Exercise
Begin with the first line below and retype each line exactly through the line containing "και - συνεχώς". Any pictures are to be left out.

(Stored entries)

──────

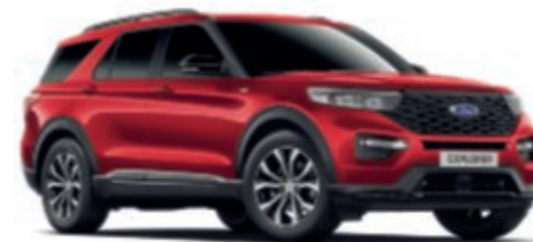
Lucid Red Getinte transparante metallic carrosseriekleur*
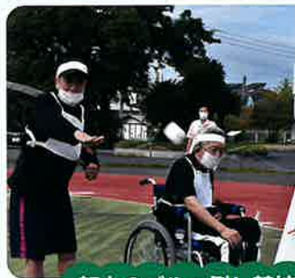
努力のダルマ倒し競技
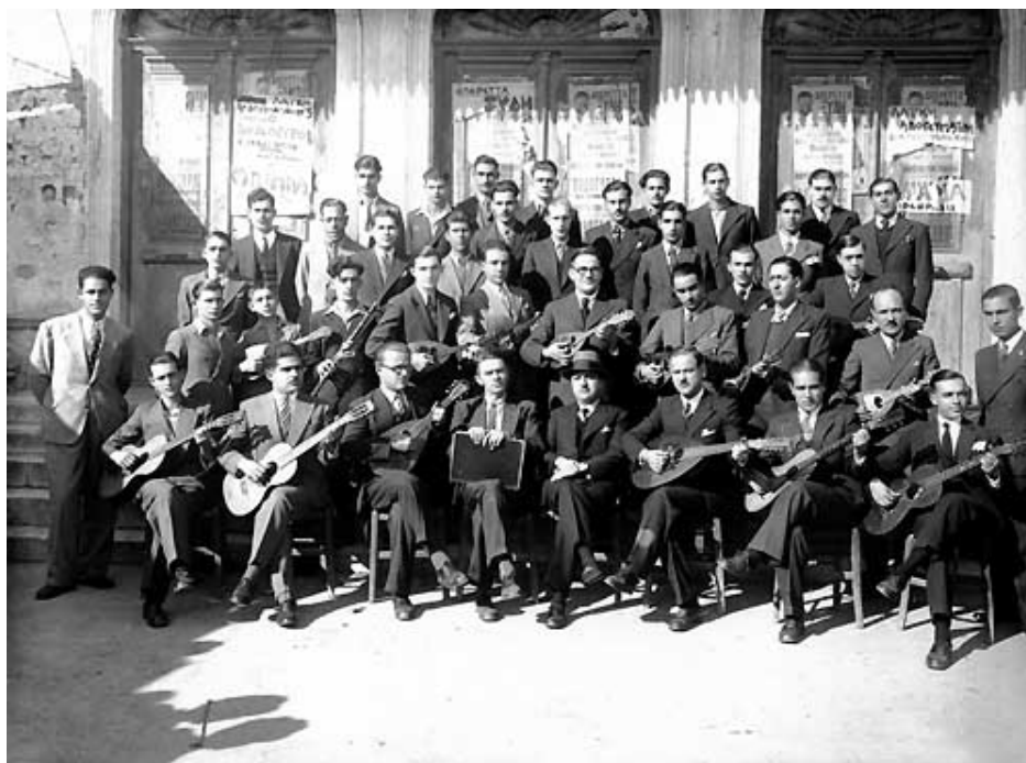
Εικόνα 11. Η Χορωδία και μαντολινάτα της Ένωσης Φιλομούσων έξω από το Δημοτικό Θέατρο.

και - συνεχώς - σύμβουλος της Φιλαρμονικής, ιδρυτής της τοπικής συμφωνικής ορχήστρας κ.ά. 116 Όταν ανέλαβε τη Φιλαρμονική, διαδεχόμενος τον Χ. Σαχίνη, αναγκάστηκε να παραιτηθεί από τη Χορωδία και τη Μαντολινάτα της Ένωσης Φιλομούσων, που στο μεταξύ είχε συσταθεί, για να αφοσιωθεί απερίσπαστος στη Φιλαρμονική με σκοπό να την ενισχύσει μουσικά και οικονομικά. 117
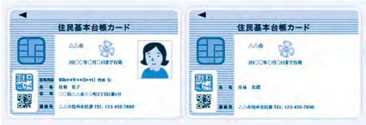
▲住民基本台帳カード 見本
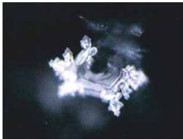
Та же вода, обработанная хлором
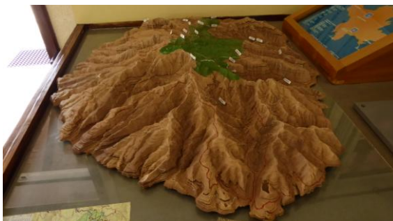
Maqueta de la Gomera

torturada amb barrancs fonsos i insalvables. No és tan alta com la Palma i el parc nacional ocupa el centre geomètric on creix la laurisilva. Cap a migdia
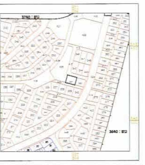
תרשים סביבה קנ"מ 1:5000
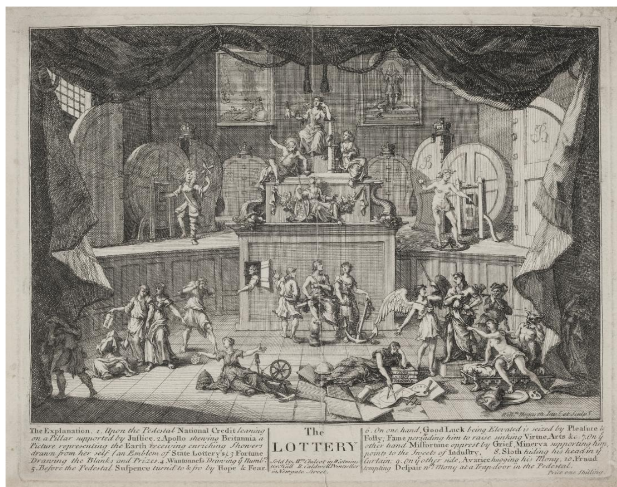
Fig. 9. William Hogarth: Lotteriet , 1721. Radering og kobberstik. 262 x 338 mm. Den kgl. Kobberstiksamling,
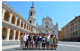
2013 - Castelfidardo (Italie)
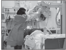
میزان شیوع کرونا در استان ۱۵ درصد است

وی اضافه کرده: به علت رعایت شیوه‌نامه‌های بهداشتی مانند ماسک زدن و شست و شوی مداوم دست‌ها در پاییز با دانشگاه علوم پزشکی اصفهان گفت: در حالی شیوع ویروس کرونا به این میزان رسیده است که بیشترین میزان مبتل شده بر این در استان اصفهان مربوط به شهر تبریز است. حدود ۶۷ درصد از بیماران شیوع ویروس کرونا به سیر کاهش تعداد بیماران سرپایی دارای علائم کرونا در استان اصفهان، افزود: از دی، میزان ویروس کرونا به طور تقریبی ثابت مانده و در میان بیماران سرپایی ویروس سرپایی و بستری بیمارستانی و مراکز بهداشتی ۱۶ ساعت به حدود ۱۵ درصد است.

──────

Response
Lucid Red Getinte transparante metallic carrosseriekleur*
努力のダルマ倒し競技
Εικόνα 11. Η Χορωδία και μαντολινάτα της Ένωσης Φιλομούσων έξω από το Δημοτικό Θέατρο.

και - συνεχώς - σύμβουλος της Φιλαρμονικής, ιδρυτής της τοπικής συμφωνικής ορχήστρας κ.ά. 116 Όταν ανέλαβε τη Φιλαρμονική, διαδεχόμενος τον Χ. Σαχίνη, αναγκάστηκε να παραιτηθεί από τη Χορωδία και τη Μαντολινάτα της Ένωσης Φιλομούσων, που στο μεταξύ είχε συσταθεί, για να αφοσιωθεί απερίσπαστος στη Φιλαρμονική με σκοπό να την ενισχύσει μουσικά και οικονομικά. 117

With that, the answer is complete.